**Problem details:** Every line below should come back exactly as written, though the pictures stay out.
"""
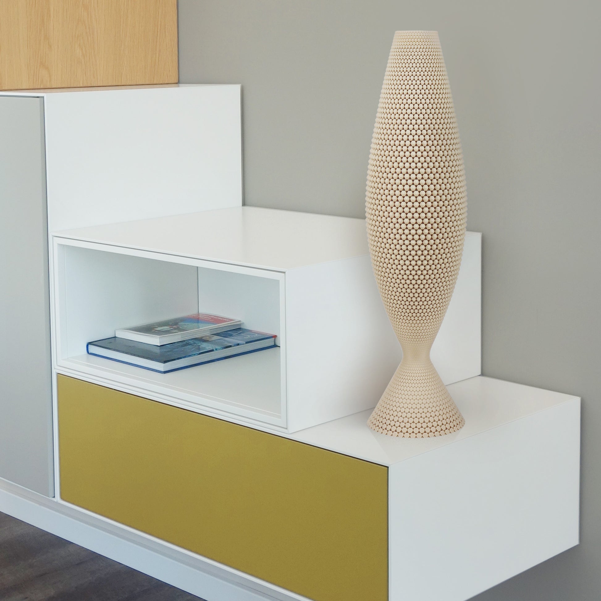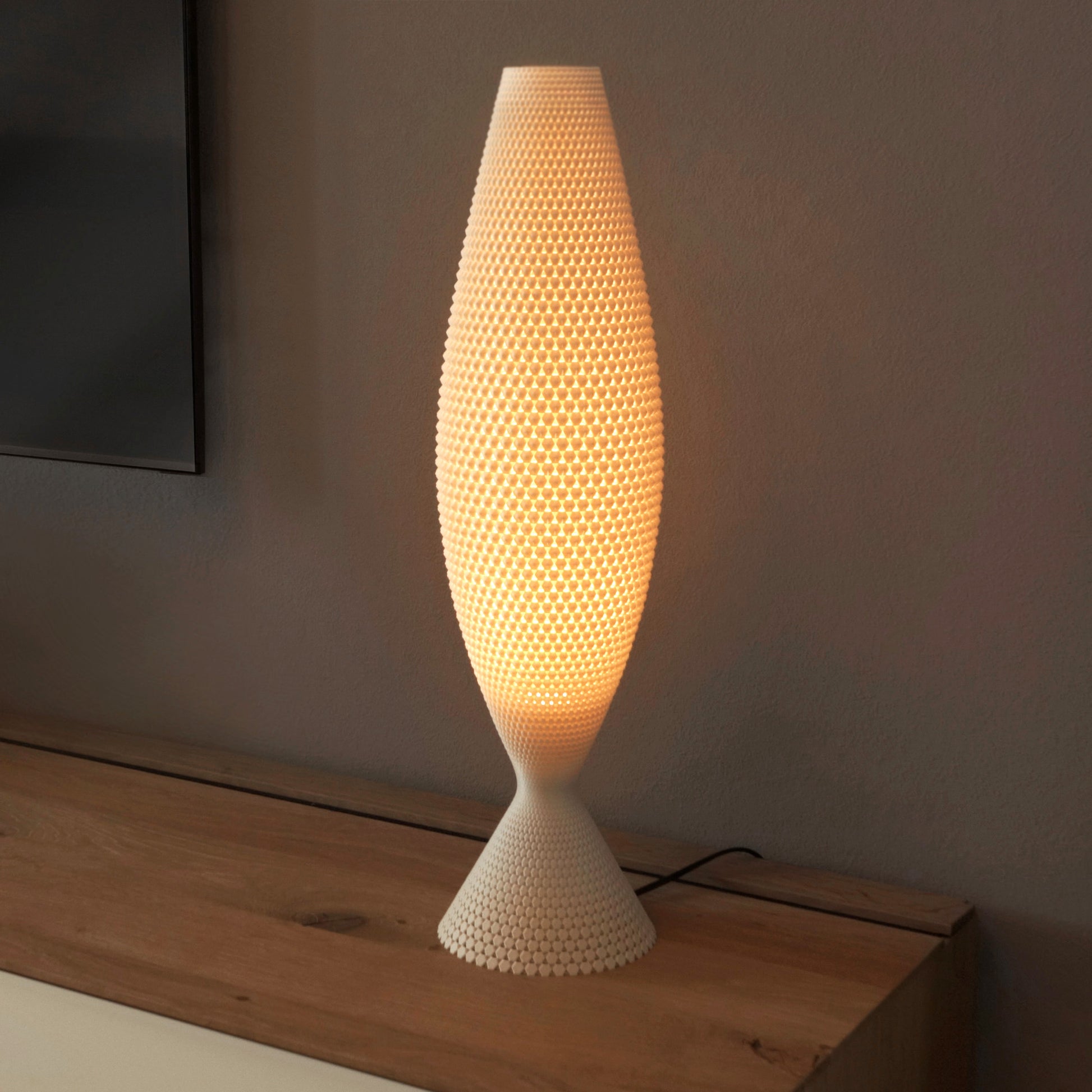 Mit modernen 3D-Druckern wird der Lampenschirm der Designleuchte unter Verwendung eines biobasierten Rohstoffes frei von Erdöl und toxischen Bestandteilen hergestellt. Das innovative Design von smartlamps beinhaltet eine besondere kristalline 3D-Struktur und erschafft eindrucksvolle Licht- und Schattenspiele beim Einschalten des Lichts. Es wird die Verwendung von LED-Strahlern empfohlen für beste Lichtwirkung.
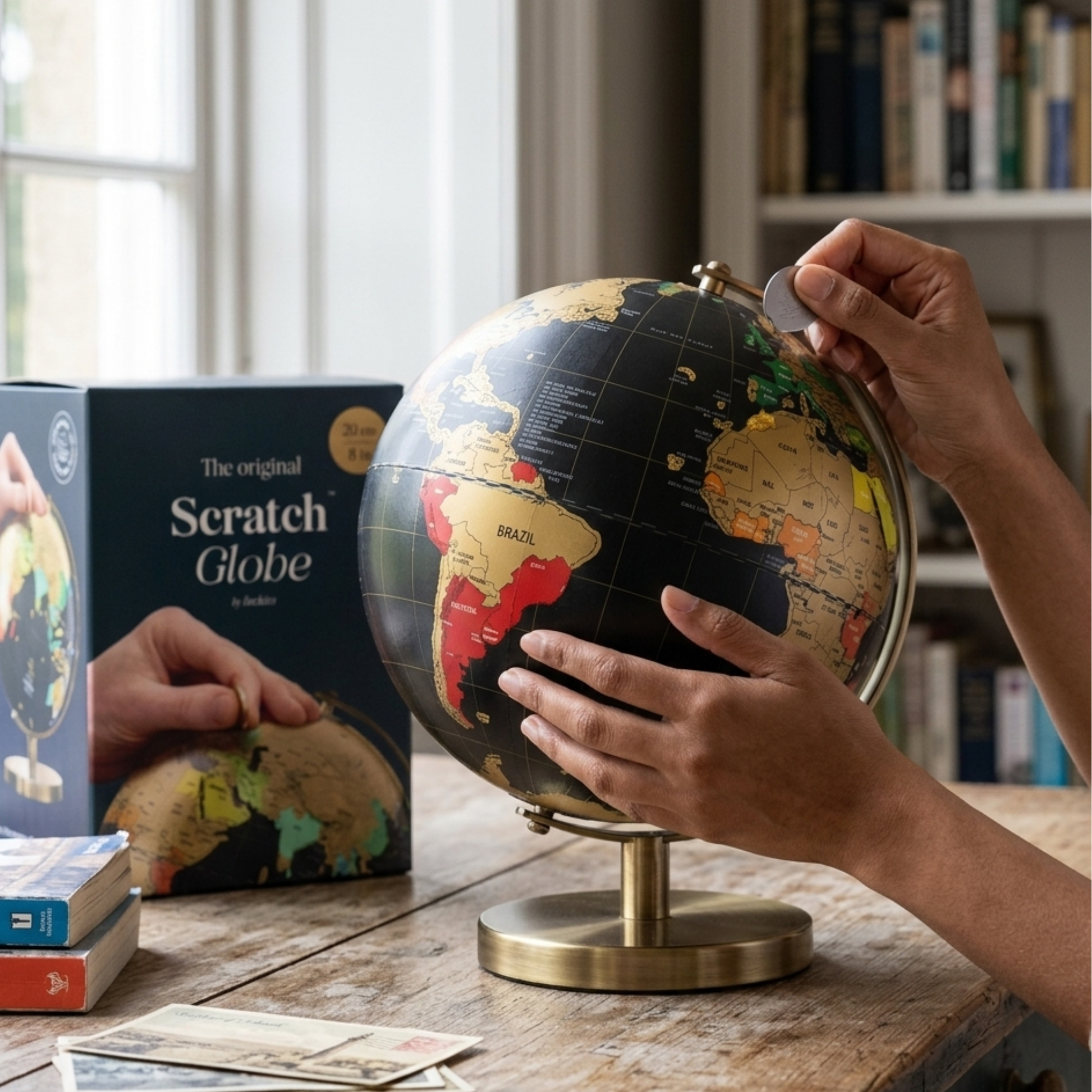 A perfect Christmas gift this premium, interactive world globe is made from durable paper, metal, wood, and plastic. It has a quality printed map with a metallic gold-foil coating that can be gently scratched away to reveal bright colours beneath each country.
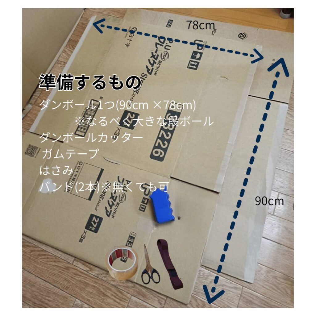 1.準備する物:ダンボール(90cm ×78cm)1枚、段ボールカッター、ガムテープ(必要に応じて✂️ハサミ)、トラベル結束バンド
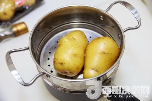 土豆放進(jìn)入蒸鍋蒸熟(用筷子能輕松插入的程度),晾涼后剝?nèi)テぁ?/p>
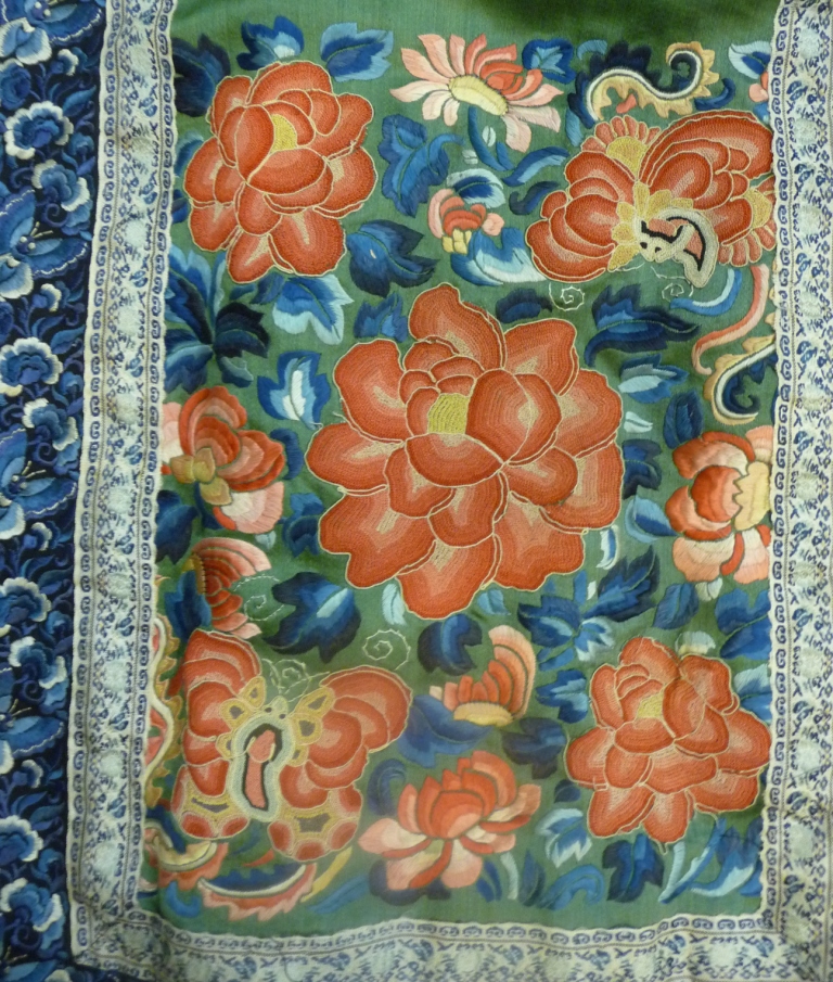 Detail of a chinese skirt turned into a 1920s evening cloak from the family of Pamela Homer Norman
"""
**Task response:**
 Mit modernen 3D-Druckern wird der Lampenschirm der Designleuchte unter Verwendung eines biobasierten Rohstoffes frei von Erdöl und toxischen Bestandteilen hergestellt. Das innovative Design von smartlamps beinhaltet eine besondere kristalline 3D-Struktur und erschafft eindrucksvolle Licht- und Schattenspiele beim Einschalten des Lichts. Es wird die Verwendung von LED-Strahlern empfohlen für beste Lichtwirkung.
 A perfect Christmas gift this premium, interactive world globe is made from durable paper, metal, wood, and plastic. It has a quality printed map with a metallic gold-foil coating that can be gently scratched away to reveal bright colours beneath each country.
 1.準備する物:ダンボール(90cm ×78cm)1枚、段ボールカッター、ガムテープ(必要に応じて✂️ハサミ)、トラベル結束バンド
 土豆放進(jìn)入蒸鍋蒸熟(用筷子能輕松插入的程度),晾涼后剝?nèi)テぁ?/p>
 Detail of a chinese skirt turned into a 1920s evening cloak from the family of Pamela Homer Norman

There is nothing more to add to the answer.